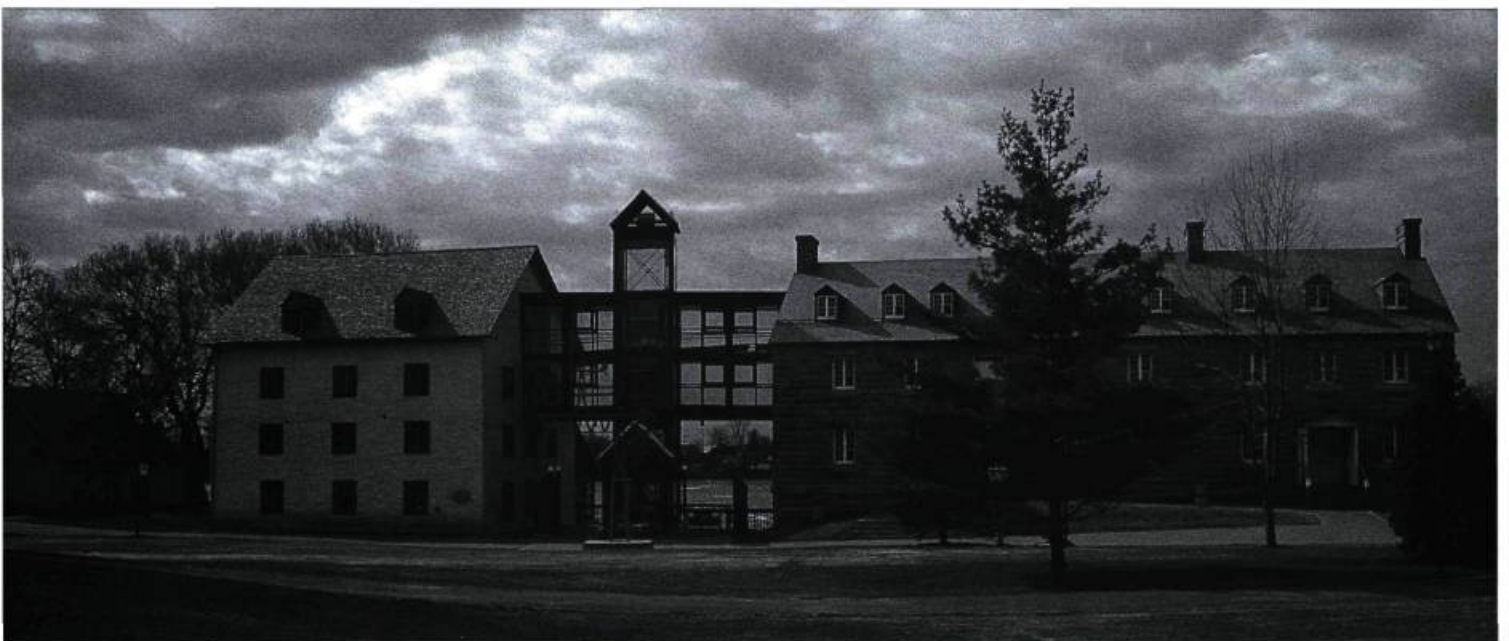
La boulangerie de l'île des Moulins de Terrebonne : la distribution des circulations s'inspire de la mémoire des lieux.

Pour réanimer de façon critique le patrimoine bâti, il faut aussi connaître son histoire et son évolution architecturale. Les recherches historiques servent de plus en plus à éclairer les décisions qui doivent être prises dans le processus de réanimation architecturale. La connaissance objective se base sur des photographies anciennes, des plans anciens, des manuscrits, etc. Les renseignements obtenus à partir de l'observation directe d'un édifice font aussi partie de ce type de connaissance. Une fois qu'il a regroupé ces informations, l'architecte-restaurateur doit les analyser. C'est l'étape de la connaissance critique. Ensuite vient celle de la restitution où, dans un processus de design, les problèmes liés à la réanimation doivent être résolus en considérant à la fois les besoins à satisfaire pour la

____________

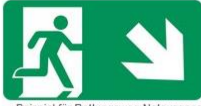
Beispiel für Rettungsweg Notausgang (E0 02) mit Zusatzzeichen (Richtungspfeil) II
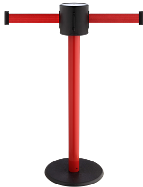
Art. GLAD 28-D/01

____________

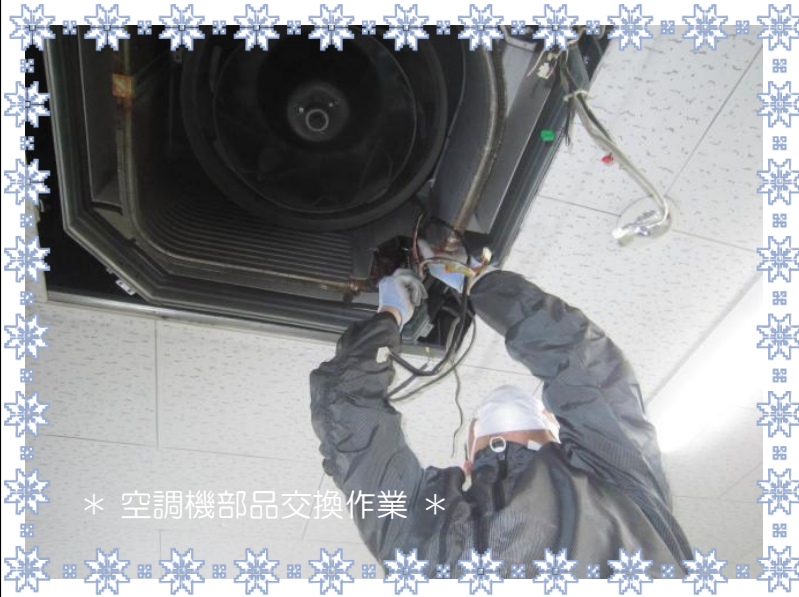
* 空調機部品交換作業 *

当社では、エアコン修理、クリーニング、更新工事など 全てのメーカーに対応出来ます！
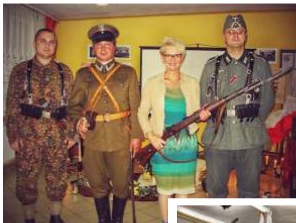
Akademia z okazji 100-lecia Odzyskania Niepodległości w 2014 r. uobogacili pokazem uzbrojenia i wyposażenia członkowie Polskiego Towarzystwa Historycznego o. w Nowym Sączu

____________

> **Requirement**
Your task is to transcribe, with no changes, only the lines of the listing above that lie between the line holding "La boulangerie de" and the line holding "Pour réanimer de", inclusive.

> **Finished task**
La boulangerie de l'île des Moulins de Terrebonne : la distribution des circulations s'inspire de la mémoire des lieux.

Pour réanimer de façon critique le patrimoine bâti, il faut aussi connaître son histoire et son évolution architecturale. Les recherches historiques servent de plus en plus à éclairer les décisions qui doivent être prises dans le processus de réanimation architecturale. La connaissance objective se base sur des photographies anciennes, des plans anciens, des manuscrits, etc. Les renseignements obtenus à partir de l'observation directe d'un édifice font aussi partie de ce type de connaissance. Une fois qu'il a regroupé ces informations, l'architecte-restaurateur doit les analyser. C'est l'étape de la connaissance critique. Ensuite vient celle de la restitution où, dans un processus de design, les problèmes liés à la réanimation doivent être résolus en considérant à la fois les besoins à satisfaire pour la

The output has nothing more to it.